Simple answer is yes at first. The dumb birds disappear quick on public land. If you continue to hunt the same private land, it becomes very similar.


----------



## bear5 (May 17, 2009)

I echo the run and gun method for public lands. Hey off the beaten path and you'll do fine.


----------



## SUPERCHILL CHAD (Jan 25, 2017)

No, they act about the same on public as private. In fact, public seems to be a little more responsive to calls than private land, especially farmland. When I hunt private, sometimes the birds will just take their sweet time browsing the neighbors field, and all I can do is watch across the property line.
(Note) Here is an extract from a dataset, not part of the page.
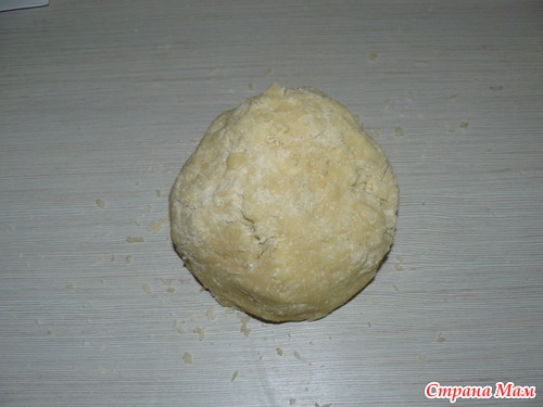 Холодное масло натереть на крупной терке, к нему добавить остальные ингредиенты, перемешать рукой, не сминая, а потом быстро замесить. Это песочное тесто, поэтому нужно не столько месить, сколько собирать получившиеся крошки в одно целое. Делаем все очень быстро, иначе не получится рассыпчатой выпечки. Признаться честно, у меня сегодня впервые вышло настоящее песочное тесто, раньше я с ним категорически не дружила. Видимо, условия подходящие: дома холодно (масло не таяло), воду горячую отключили на две недели

Terrible feeling. I do run and gun setups on public land and have had great luck. 

Last year someone found my honey hole on state land and put up a popup blind in my best spot. That's the worst part about public land hunting. I'm going to have to do some scouting this year.


----------



## multibeard (Mar 3, 2002)

Years ago we used to run and gun some times 5 counties hunting almost strictly public land. I would have many toms located prior to season some times over 40. All my locating was done with locator calls of many kinds. I never had a turkey call in the truck until my season opened which was all ways what is now the 234 season.

Turkeys are turkey no matter where they call home. They do not know whether they are on public or private land


----------



## DEDGOOSE (Jan 19, 2007)

multibeard said:


> Turkeys are turkey no matter where they call home. They do not know whether they are on public or private land


Alot of truth. It's people pressure. I think our public sees less pressure up here than private. Now you go to South Florida this weekend, it's war. Turkeys are stupid, but their smart enough to live their lives in an area and react to a huge influx of human intrusion.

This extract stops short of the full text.